Pirke Avot (Ethics of the Fathers)
Core ethical tractate of the Mishnah transmitting rabbinic wisdom from Moses through the Tannaitic sages
Translation: Sefaria Community Translation (based on traditional sources) (Public Domain)
Overview
Pirke Avot, commonly translated as 'Ethics of the Fathers' or 'Chapters of the Fathers,' is the most widely read and studied tractate of the Mishnah, the foundational document of rabbinic Judaism compiled around 200 CE under the editorship of Rabbi Judah ha-Nasi. Unlike every other tractate in the Mishnah, which deals with legal matters (halakhah), Pirke Avot is devoted entirely to ethical and wisdom teachings (aggadah), making it a unique treasure of moral philosophy within the rabbinic corpus.
The text consists of five chapters (with a sixth chapter, Kinyan Torah, added later for liturgical purposes) containing approximately sixty sayings attributed to some sixty rabbinic sages spanning roughly four centuries, from the late Second Temple period to the generation of Rabbi Judah ha-Nasi himself. These sayings address the full range of human moral concern: the pursuit of wisdom, the importance of justice, the regulation of speech, the duties of teachers and students, the proper attitude toward wealth and power, the nature of community, and the ultimate purpose of human existence.

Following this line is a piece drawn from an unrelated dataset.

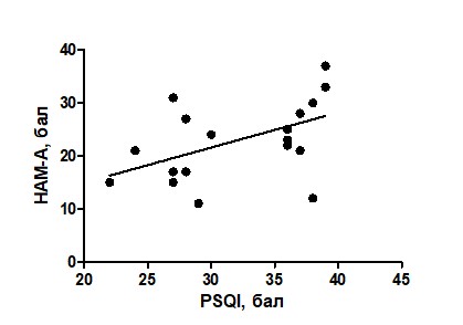 Проведено кореляційний аналіз між показниками тривоги та даними Піттсбурзького опитувальника, шкали МоСА, ШАС, MFIS. Виявлено достовірний прямий кореляційних зв'язок між: показниками шкали Гамільтона та даними Піттсбурзького опитувальника сну r=0,51 (p=0,02) (рис. 1), показниками шкали Гамільтона та балами ШАС r=0,83 (p<0,0001). Отже, чим більшим був рівень тривоги у пацієнтів з РС,тим більш вираженими у них були порушення сну та рівень астенії. В той же час, не виявлено достовірного зв’язку між показниками тривоги за шкалою Гамільтона та даними оцінки когнітивних функцій за шкалою МоСА (p>0,05), а також балами за шкалою МFIS.

Pirke Avot occupies a special place in Jewish liturgy and education. It is traditionally recited on Shabbat afternoons during the weeks between Passover and Shavuot (and in many communities throughout the summer), ensuring that its teachings are reviewed annually. It is typically the first text studied by Jewish children and the text most frequently memorized. Its influence on Jewish ethical consciousness is difficult to overstate.
For students of the Bible and of Christianity, Pirke Avot provides an invaluable window into the world of rabbinic thought that emerged from and alongside the world of the New Testament. Many of the sages quoted in Pirke Avot were contemporaries of Jesus and the early apostles. Their teachings illuminate the broader Jewish intellectual context in which the Gospels, the Epistle of James, and other New Testament writings took shape. The parallels between Pirke Avot and the Sermon on the Mount, the wisdom sayings of Jesus, and the ethical teaching of James are extensive and illuminating.
The tractate's distinctive literary form, short attributed sayings organized chronologically, connects it to the ancient Near Eastern wisdom tradition that also produced the book of Proverbs, the Instruction of Amenemope, and other collections of pithy moral teaching. But Pirke Avot is distinctive in its emphasis on the chain of transmission that links each sage to Moses at Sinai, grounding practical ethics in divine revelation and establishing the authority of the oral Torah.
- Proverbs 1:7
- Proverbs 10:19
- Proverbs 11:2
- Proverbs 15:1
- Proverbs 16:18
- Ecclesiastes 5:10
- Micah 6:8
- Matthew 5:3-12
- Matthew 6:1-6
- Matthew 6:34
- Matthew 7:12
- Matthew 7:24-27
- Matthew 22:37-40
- Matthew 23:12
- Matthew 25:14-30
- James 2:14-26
- James 3:1-12
- Galatians 6:9
- Philippians 2:12-13
- Romans 7:14-25
- 2 Timothy 3:16-17
- 1 Corinthians 12:12-27
Many of the rabbis quoted in Pirke Avot were exact contemporaries of Jesus and the early apostles. Rabbi Gamaliel, mentioned in Acts 5:34 as a Pharisee who defended the apostles before the Sanhedrin, is quoted in Pirke Avot 1:16 and 2:2. His grandson, also named Gamaliel, appears in Pirke Avot 2:2-4.